Relapse occurred in 18 patients (24.3%): 1 (6.3%), 14 (45.2%), and 3 (11.1%) in the low-risk, HR chemotherapy cohorts, and HR transplant cohort, respectively. The median time of continuous CR was 11.55 months (range, 3.9–26.6 months) in the HR chemotherapy cohort and 12.4 months (range, 8–26.5 months) in the HR transplant cohort. Fifteen patients had hematologic relapse, and three had extramedullary leukemia relapse. Twenty patients died at the median follow-up of 15.8 months (range, 8.2–59.9 months). Of these, 16 patients died due to relapse (13 in the HR chemotherapy cohort and three [haplo-HSCT] in the HR transplant cohort), three (haploidentical) died due to transplant-related complications, and one died due to severe pneumonia. Thirteen patients (17.6%) had the ETP immunophenotype; six were in the chemotherapy cohort and seven were in the transplant cohort. Of the 13 patients, two in the chemotherapy cohort (one due to relapse and one due to severe pneumonia) and two in the transplant cohort (one due to relapse and one due to transplant-related complications) died. Ten patients (13.5%) were MRD positive at 3 months; four patients were in the HR chemotherapy cohort and six were in the HR transplant cohort. Of the ten patients, three died due to relapse in the HR chemotherapy cohort and one died due to multiple organ dysfunction failure in the HR transplant cohort. All 74 patients achieved MRD-negative status before transplantation but 19 (25.7%) had re-emergent MRD. Of the 19 patients, 13 were in the HR chemotherapy cohort and six were in the HR transplant cohort. In addition, ten of the 19 patients died due to relapse (eight in the HR chemotherapy cohort and two in the HR transplant cohort). The median time for MRD reemergence was 7.9 months (range, 2.2–25.5 months).

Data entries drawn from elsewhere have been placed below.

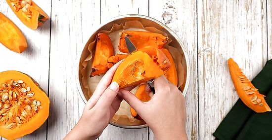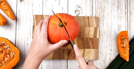 Cut the pumpkins. Start by chopping off the stems, leaving as much of the body intact as possible. Next slice the pumpkins in half, revealing their seeds.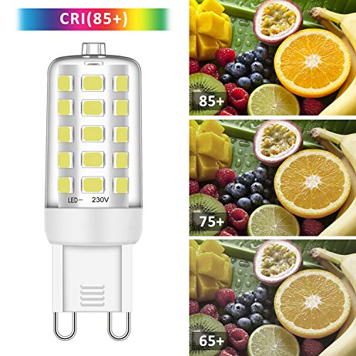 LED G9 Lampadine 3W Bianco freddo 6000K equivalenti a 25W 28W 33W 40W alogene Lampadine, 420LM, CRI> 85, G9 Presa Lampada, senza sfarfallio, non dimmerabile, CA 220-240 V, confezione da 5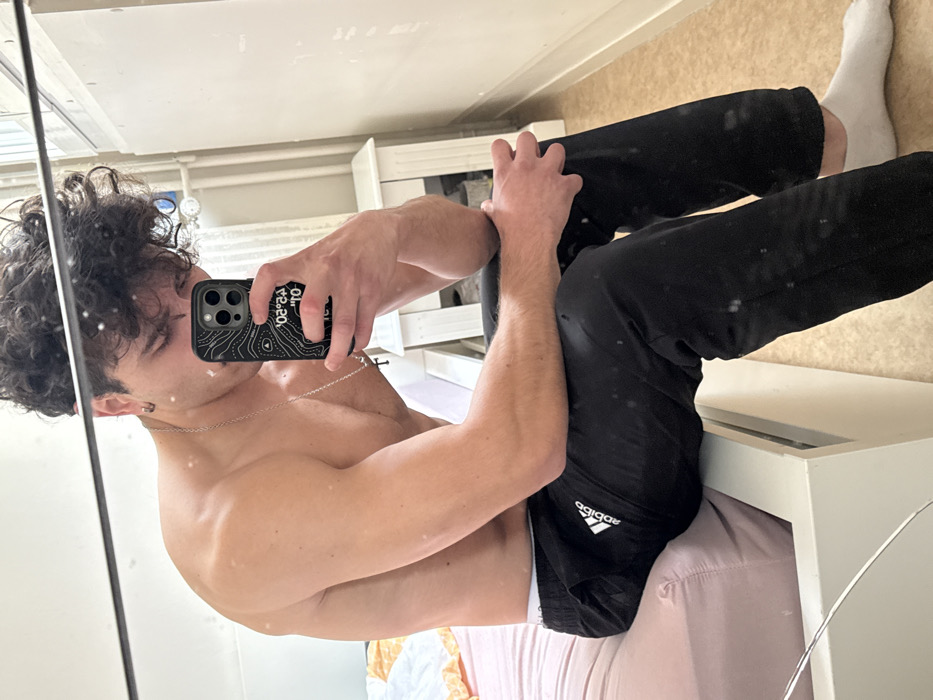 A young adult male with dark, curly hair and a muscular physique is captured in a mirror selfie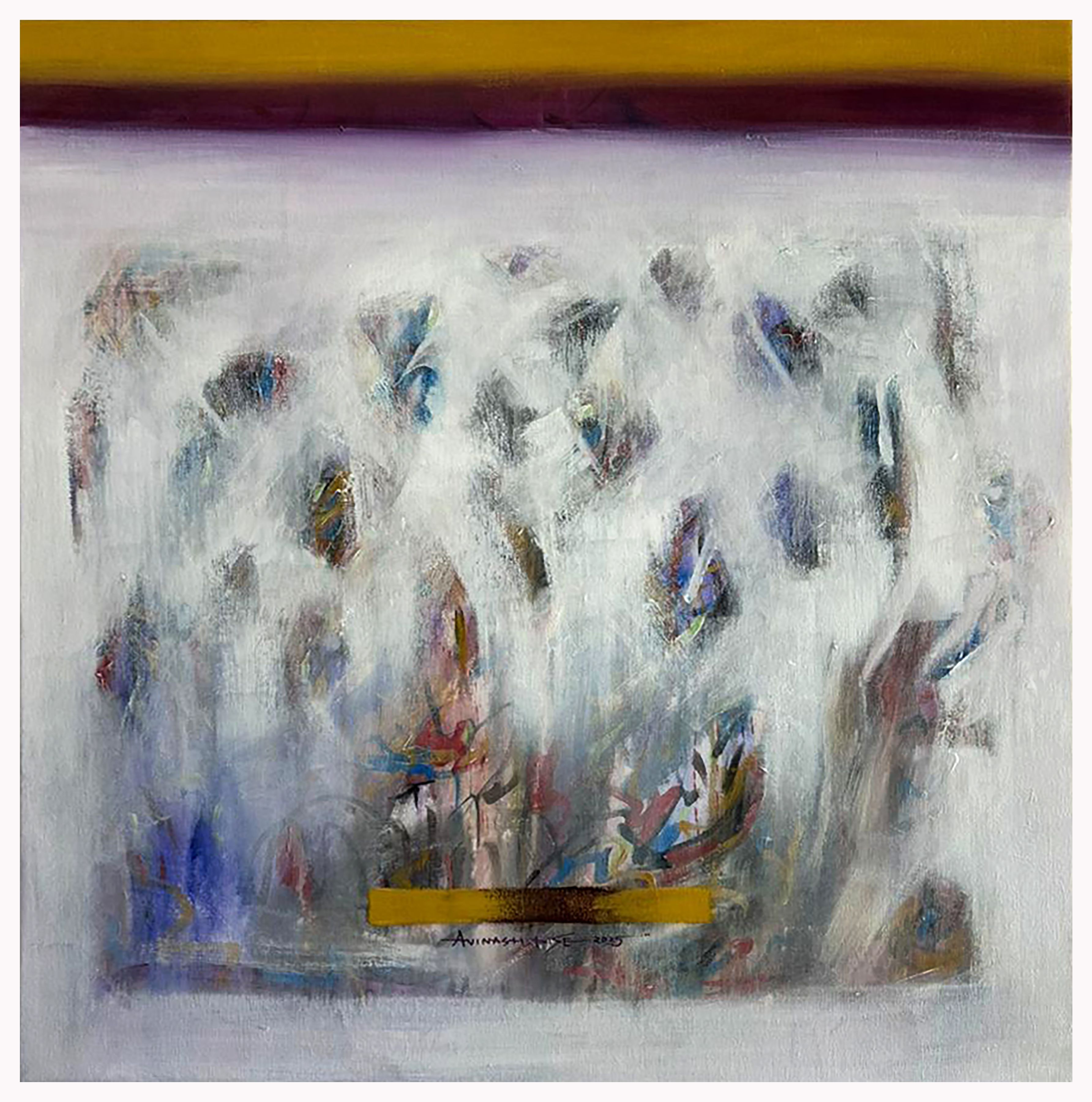 The clear, linear elements that often surface in my work symbolize unity, wholeness, and infinity. They arise naturally when I surrender to the process, allowing the tools to act as extensions of my body. Each stroke is a conscious embodiment of thought, feeling, and presence, requiring both discipline and surrender. This method transforms painting into a meditative yet dynamic journey of self-discovery.
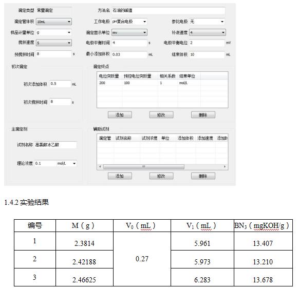 1.3.2实验步骤:称取约2.5g的石油,置于滴定杯中。先加入40mL氯苯,用电位滴定仪上的搅拌器搅拌溶液直到试样完全溶解。再加入20mL冰乙酸。混匀后用高氯酸冰乙酸溶液(0.1mol/L)进行滴定至终点。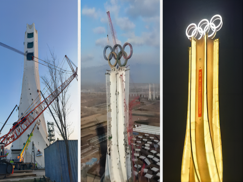 2021年與中建一局三公司合作承接了備受矚目的北京冬奧會五環(huán)鋼結(jié)構(gòu)項(xiàng)目,此項(xiàng)目為博泰的發(fā)展填上了濃墨重彩的一筆,本工程鋼結(jié)構(gòu)分為塔筒周圍飄帶、五環(huán)支座桁架和五環(huán)三部分。主要 由異型管桁結(jié)構(gòu),框架與桁架的組合結(jié)構(gòu)構(gòu)成,奧運(yùn)五環(huán)外徑12米,內(nèi)徑10米,厚度3米。北京博泰堅(jiān)持“安全一、預(yù)防為主、綜合治理”的方針,為冬奧會的成功舉辦貢獻(xiàn)力量。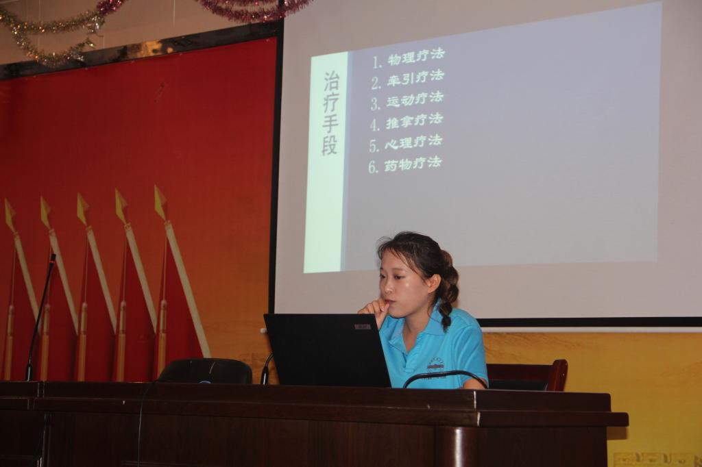 上午九点,在专业指导教师的指导下,同学们组织了一场健康宣讲会。宣讲内容结合实际情况,介绍了高血压、高血糖、高血脂等常见病的一些临床病症,提出了患者在饮食、作息等方面的注意事项,并结合不同病症,给予合适的运动治疗建议。对于人们好发的如肱骨外上髁炎、肩周炎、颈椎病、腰间盘突出等病症,宣讲团成员也介绍了一些自我检查手法和自我运动康复的方法。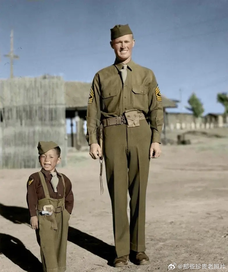这张照片拍摄于1944年的云南昆明,照片中的小男孩是美国志愿航空队(飞虎队)收养的一名孤儿,给他取名叫“小老虎·乔”。照片中的他戴着船形帽,穿着有臂章的小号军装,系着领带穿着肥大的背带裤,模仿旁边的一级上士罗伯特·杜尔森站岗,而且他的腰间也有模有样地别着一把玩具左轮手枪。“小老虎·乔”,因父母死于日军轰炸成为孤儿,被飞虎队收养后,队员为他定制了缩小版军装,还配备了特制小手枪,他也成为飞虎队工兵连年龄最小的“士兵”。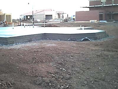 As we rounded the corner at 132 once again in the becoming-familiar way, our eyes came across another new feature. "They've poured the slab!!" Yes, from Thursday to Saturday, the whole waffle pod had been prepared. It was still cold to the touch as it cured in the fresh air.
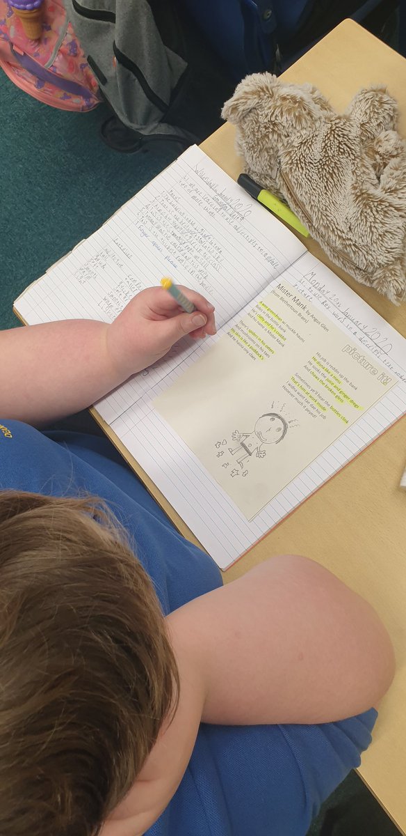 For our short read today we looked at "Mister Mank". We had to highlight key words in the text then use them to draw a picture.

In all 74 patients, the 5-year OS, EFS, and CIR rates were 76.6%, 73.2%, and 24.6%, respectively. The 5-year OS, EFS, and CIR rates of the HR chemotherapy cohort were significantly inferior to those of the low-risk chemotherapy cohort (5-year OS: 58.5% vs. 100%, P = 0.003; 5-year EFS: 54.1% vs. 83.4%, P = 0.010; 5-year CIR: 45.2% vs. 6.3%, P = 0.011) [Figures 2A, 2B, and 3]. The prognosis of the HR transplant cohort was significantly better than that of the HR chemotherapy cohort (5-year OS: 81.0% vs. 58.5%, P = 0.084; 5-year EFS: 80.1% vs. 54.1%, P = 0.041; 5-year CIR: 11.6% vs. 45.2%, P = 0.006) [Figures 2C, 2D, and 3].
Figure 2.
Comparison of the outcomes in patients among the three cohorts. (A) OS for low-risk chemotherapy cohort (100%) vs. high-risk chemotherapy cohort (58.5%, 95% CI: 45.4–71.7%), (B) EFS for low-risk chemotherapy cohort (83.4%, 95% CI: 73.3–93.5%) vs. high-risk chemotherapy cohort (54.1%, 95% CI: 40.1–68.0%), (C) OS for high-risk chemotherapy cohort (58.5%, 95% CI: 45.4–71.7%) vs. high-risk transplant cohort (81.0%, 95% CI: 68.1–93.9%), and (D) EFS for high-risk chemotherapy cohort (54.1%, 95% CI: 40.1–68.0%) vs. high-risk transplant cohort (80.1%, 95% CI: 66.6–93.7%). CI: Confidence interval; EFS: Event-free survival; OS: Overall survival.
Figure 3.
Comparison of the 5-year CIR in patients among the three cohorts. CIR: Cumulative incidence of relapse; CI: Confidence interval.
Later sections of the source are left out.